Required work: Write out exactly the lines from the one with "マインクラフトのバージョンや、稼働時間などを一覧で見ることができます。" through the last line of the data below, but not the pictures.

Input data:
• • • • • • •
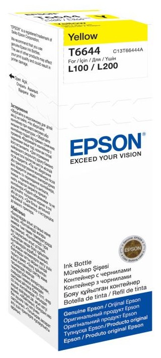 Характеристики Контейнер з чорнилом Epson T6644 EcoTank L110/L120/L121/L1300/L1455/L210/L300/L3050/L3060/L3070/L355/L382/L386/L486/L550/L605/L655/L364/L132/L222/L312/L366/L456/L566 yellow код товару C13T66444A
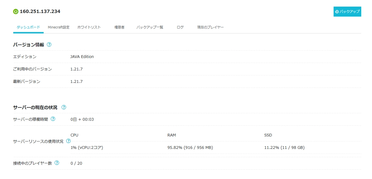 マインクラフトのバージョンや、稼働時間などを一覧で見ることができます。
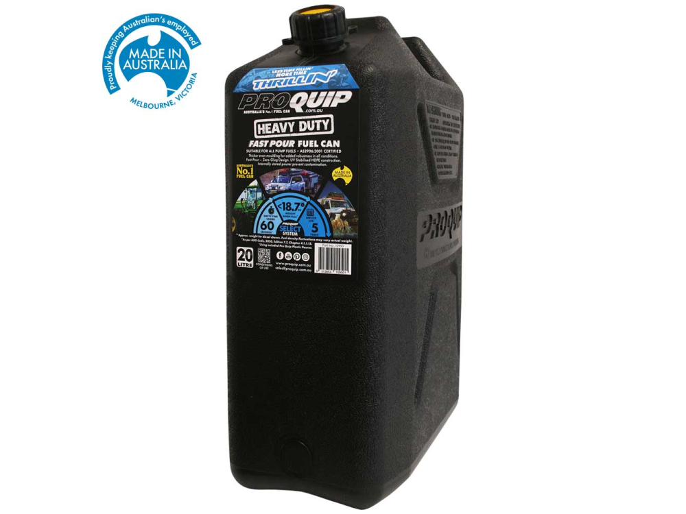Ce jerrycan en plastique de 20L est spécialement conçu pour le stockage de diesel ou d’essence sans plomb. Grâce à son système de versement rapide, il permet de vider 20 litres de carburant en moins de 60 secondes, offrant ainsi une grande efficacité. Fabriqué en Australie, il se distingue par sa construction robuste et durable. Le bec verseur est rangé à l’intérieur pour éviter la contamination par la poussière, tandis que le bouchon de ventilation intégré assure un versement fluide sans éclaboussures. Conforme à la norme australienne AS2906:2001, il est idéal pour une utilisation avec des porte-bidons militaires standards et dispose d’un design compact pour un gain d’espace. De plus, il est compatible avec des pièces de rechange disponibles au détail, prolongeant ainsi sa durée de vie, recommandée à 5 ans.
• • • • • • •
Written solution:
 マインクラフトのバージョンや、稼働時間などを一覧で見ることができます。
Ce jerrycan en plastique de 20L est spécialement conçu pour le stockage de diesel ou d’essence sans plomb. Grâce à son système de versement rapide, il permet de vider 20 litres de carburant en moins de 60 secondes, offrant ainsi une grande efficacité. Fabriqué en Australie, il se distingue par sa construction robuste et durable. Le bec verseur est rangé à l’intérieur pour éviter la contamination par la poussière, tandis que le bouchon de ventilation intégré assure un versement fluide sans éclaboussures. Conforme à la norme australienne AS2906:2001, il est idéal pour une utilisation avec des porte-bidons militaires standards et dispose d’un design compact pour un gain d’espace. De plus, il est compatible avec des pièces de rechange disponibles au détail, prolongeant ainsi sa durée de vie, recommandée à 5 ans.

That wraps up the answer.